The river and the surrounding area is pockmarked with springs and sinkholes. Exposed limestone — a crumbly, fractured rock — borders the river and is visible within the springs and sinkholes, although recent rains have filled those depressions with water and obscured much of the rock.
“The ground here almost breathes,” Kevin Brown said….
It’s the “absolute worst” place to drill beneath the riverbed and put in a pipeline, David Brown told The Sun. Historically, the spot has been and continues to be an active area of collapse, he said.
“You have to avoid those places like the plague,” Brown said. “It’s Mother Nature telling you, ‘Don’t go here.’”
How about we avoid all of Florida, Georgia, and Alabama?
There’s much more in the Gainesville Sun article, about the Ocala Uplift, stress fractures, potential explosions, drilling disturbing wetlands, possible effects on drinking water wells, and property rights, including this gem:
“But what brings it into question to me is if they’re crazy enough to propose this location, are there other sites along the pathway route that are equally sensitive or susceptible to collapse?” he asked.

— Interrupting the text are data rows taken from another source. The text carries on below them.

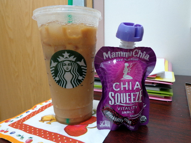 Coffee (I’m still doing the 1/2&1/2!) and a Blackberry Bliss Mama Chia.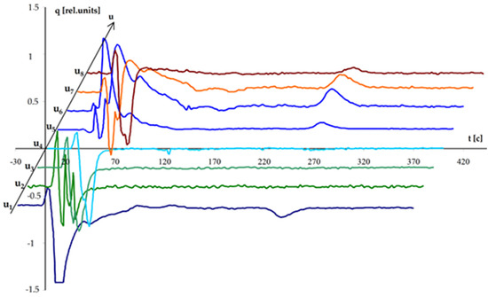 Supplementary Materials). The video shows eight chromatograms in polar coordinates. The signals are normalized so that the electrochemical image of the eluent is approximated to coincide with a regular octahedron. The initial fragment of the chromatogram from 26 to 130 s is slowed down by a factor of 4. This time interval corresponds to the passage through the detector of an unseparated sample.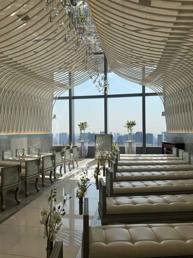 白基調のチャペルと広がる景色は絶景だった。プランナーさん達もとても丁寧な対応でわくわくする雰囲気があった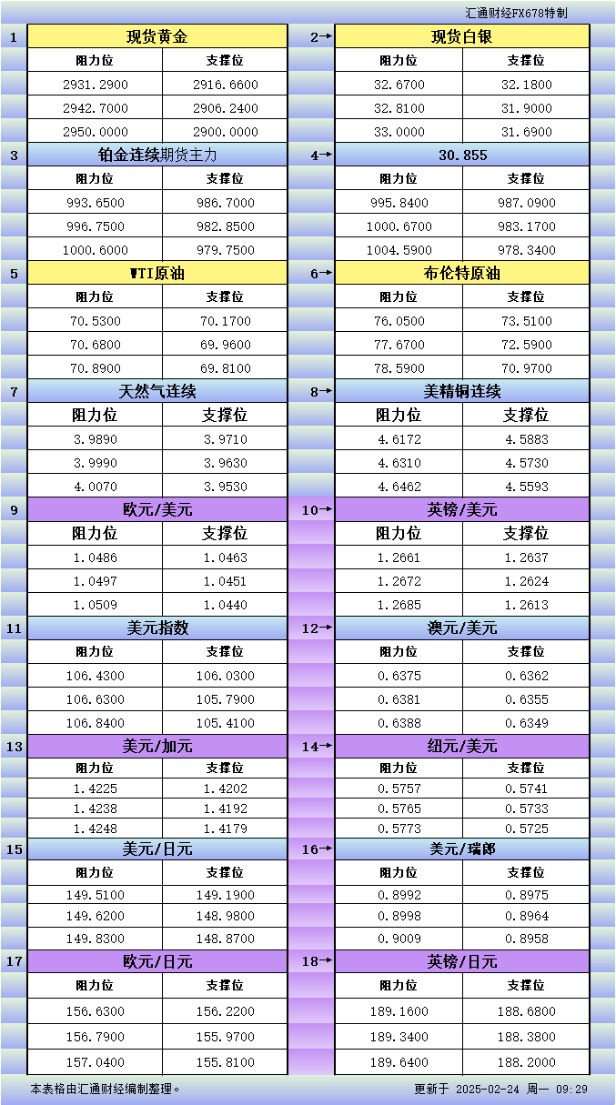 2月24日亚市更新支撑阻力:18品种支撑阻力(金银铂钯原油天然气铜及十大货币对)

And this half-truth apparently from Spectra’s Andrea Grover:
The primary route is more direct, whereas the westerly route would require the pipeline to be longer and to double-back a little to connect with a later point on the pathway, she said. As a general rule of thumb, the longer the distance the pipeline covers, the greater the impact to the environment and stakeholders.
Translation: longer costs the pipeline company’s real stakeholders more, namely its executives and shareholders. If they were seriously concerned about the local environment and the local landownders Spectra calls “stakeholders”, they wouldn’t be proposing to take their land through eminent domain.